LDP-Feat: Image Features with Local Differential Privacy
- URL: http://arxiv.org/abs/2308.11223v1
- Date: Tue, 22 Aug 2023 06:28:55 GMT
- Title: LDP-Feat: Image Features with Local Differential Privacy
- Authors: Francesco Pittaluga and Bingbing Zhuang
- Abstract summary: We propose two novel inversion attacks to show that it is possible to recover the original image features from embeddings.
We propose the first method to privatize image features via local differential privacy, which, unlike prior approaches, provides a guaranteed bound for privacy leakage.
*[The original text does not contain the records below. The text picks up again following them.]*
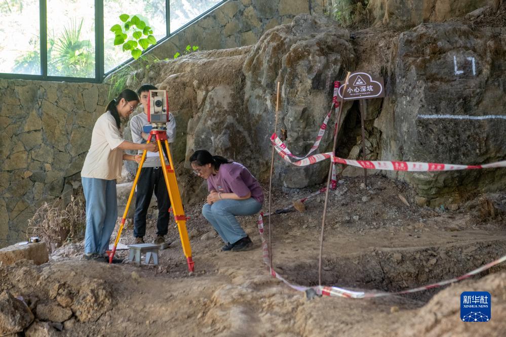 9月14日,考古发掘队队员在龙骨坡遗址工作。
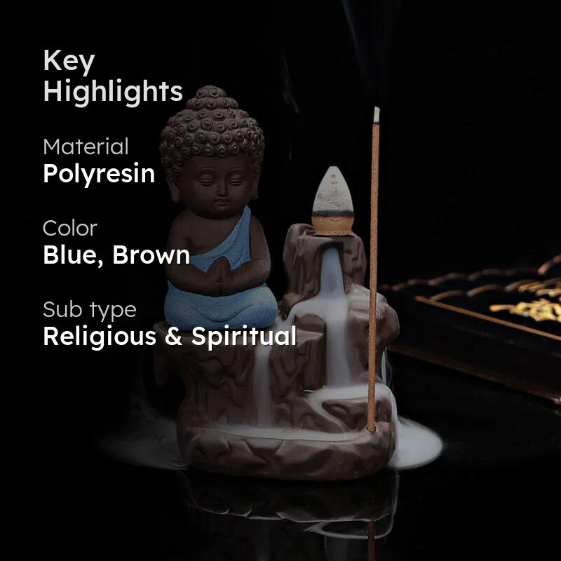 Imagine a tiny Buddha meditating peacefully on your shelf. This little statues got a calming vibe, with its curly-haired head and soft blue robe. Doesnt it look serene? Its like having a slice of zen right at home. But heres the best partit doubles as an incense holder. Place it on your table, light up some incense, and let the tranquility flow. Perfect for those lazy Sundays with a cup of chai, windows open, and peace in the air.
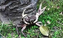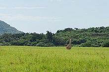 Eluanbi Park or Oluanpi Park (鹅鑾鼻公園) is located at Cape Eluanbi.[6] Nature reserves such as the Longkeng Ecological Protection Area (龍坑生態保護區)[7] protecting coral reefs and virgin forest of Banana Bay and Hengchun Peninsula.[8] 26 species of land crabs inhabit in the area and which is the highest diversity of terrestrial crabs in single areas in the world.[9] 34 species of terrestrial mammals including 5 locally extinct such as Formosan clouded leopard, and 4 introduced such as water buffalo, have been recorded.[10] Formosan sika deer which became extinct in wild in 1969, was first reintroduced into Kenting National Park in 1994.[11] Aside from sika deer, 6 species of terrestrial mammals were once thought to be extinct in the area, while critically endangered Chinese pangolin were rediscovered a decade after.[12]
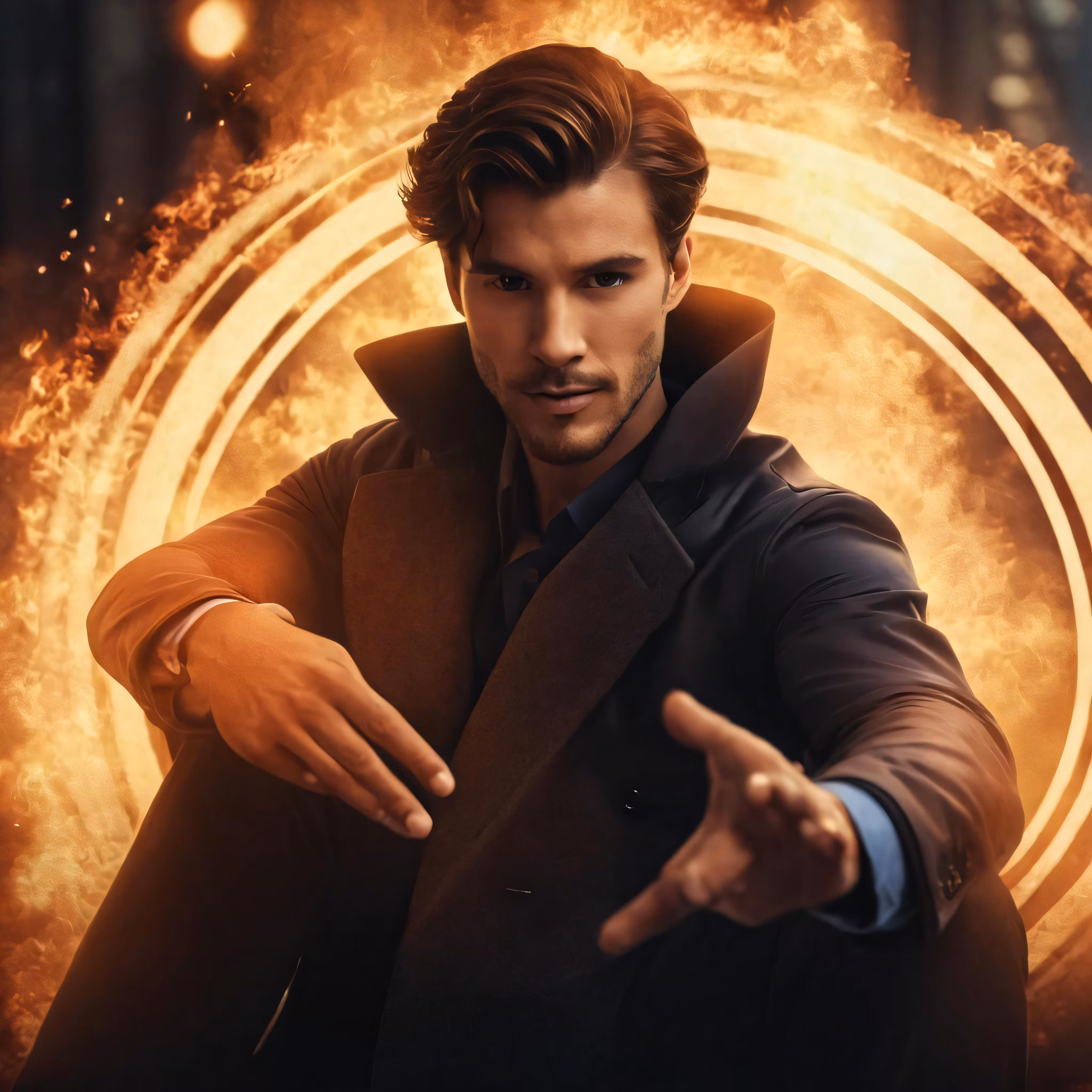 High resolution picture, free to use, a young man in a brown jacket is in front of a circular sign
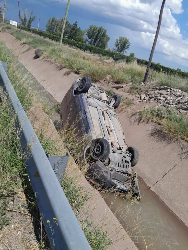 Sobre la mecánica del accidente, el conductor relató que al abrir la ventanilla le ingresó un insecto al ojo, por lo que pierde el dominio. En una maniobra peligrosa, derrapó hacia el cardinal sur, quedando en el Interior del canal de riego. Como resultado los tres ocupantes resultaron con heridas.
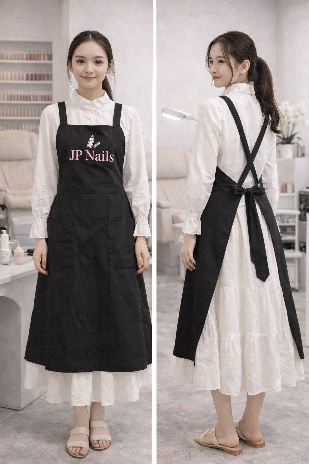 • Form dáng: Kiểu dáng yếm (Bib Apron) che phủ toàn diện từ ngực đến đầu gối, bảo vệ thợ nail khỏi bụi mài móng, nước sơn và hóa chất.
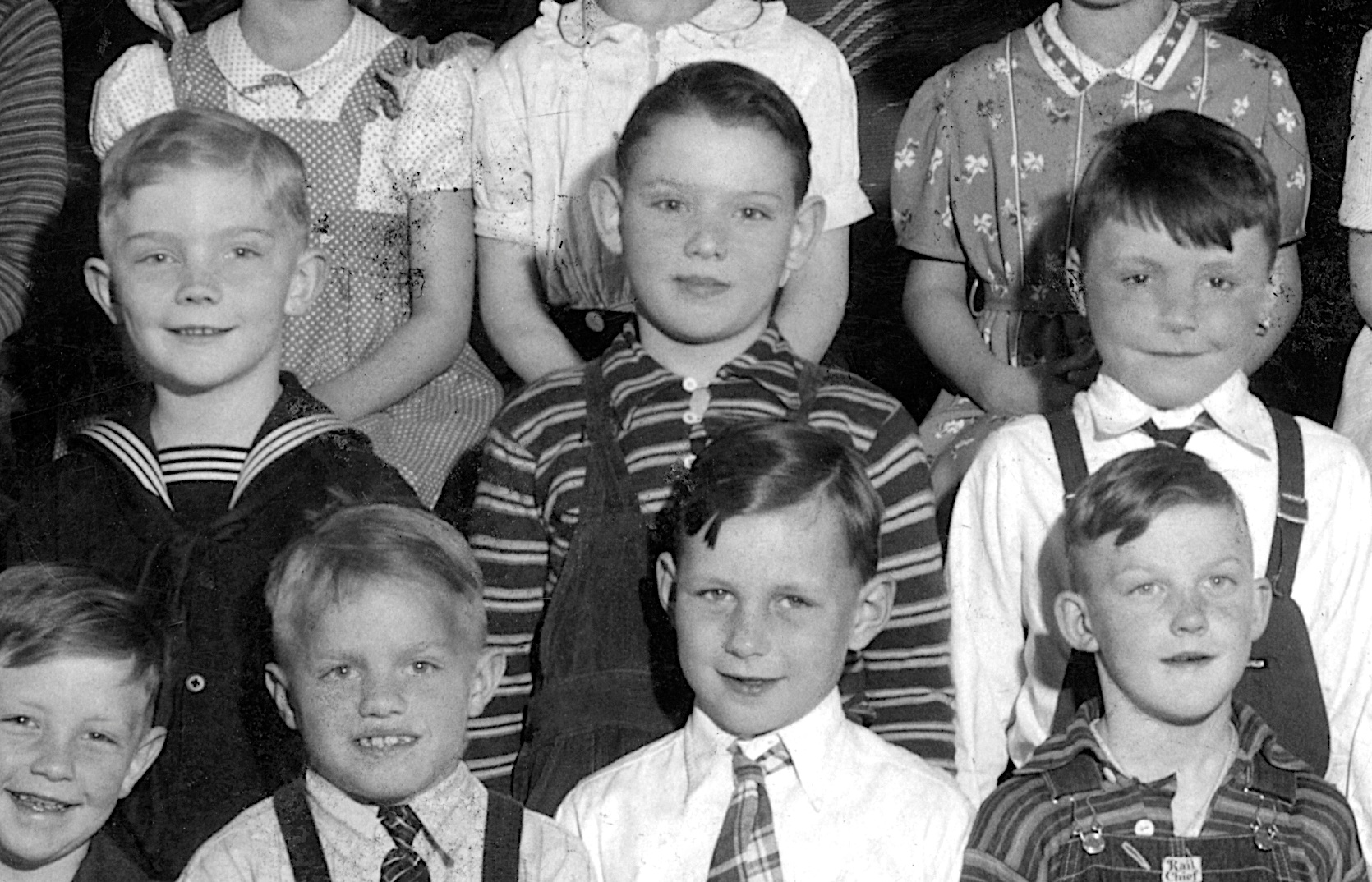 This is one of the earliest photos showing brothers David D. Hanneman (left) and Donn G. Hanneman, taken circa 1936. I believe this portrait was taken in Mauston, Wisconsin, where the family moved in early 1936. My Dad (David) was 3 years old that year. The family had a good relationship with Bauer Studios, so throughout the years there were always nice portraits of the Hanneman children.

- Score: 10.306943706927006
- License: http://arxiv.org/licenses/nonexclusive-distrib/1.0/
- Abstract: Modern computer vision services often require users to share raw feature
descriptors with an untrusted server. This presents an inherent privacy risk,
as raw descriptors may be used to recover the source images from which they
were extracted. To address this issue, researchers recently proposed
privatizing image features by embedding them within an affine subspace
containing the original feature as well as adversarial feature samples. In this
paper, we propose two novel inversion attacks to show that it is possible to
(approximately) recover the original image features from these embeddings,
allowing us to recover privacy-critical image content. In light of such
successes and the lack of theoretical privacy guarantees afforded by existing
visual privacy methods, we further propose the first method to privatize image
features via local differential privacy, which, unlike prior approaches,
provides a guaranteed bound for privacy leakage regardless of the strength of
the attacks. In addition, our method yields strong performance in visual
localization as a downstream task while enjoying the privacy guarantee.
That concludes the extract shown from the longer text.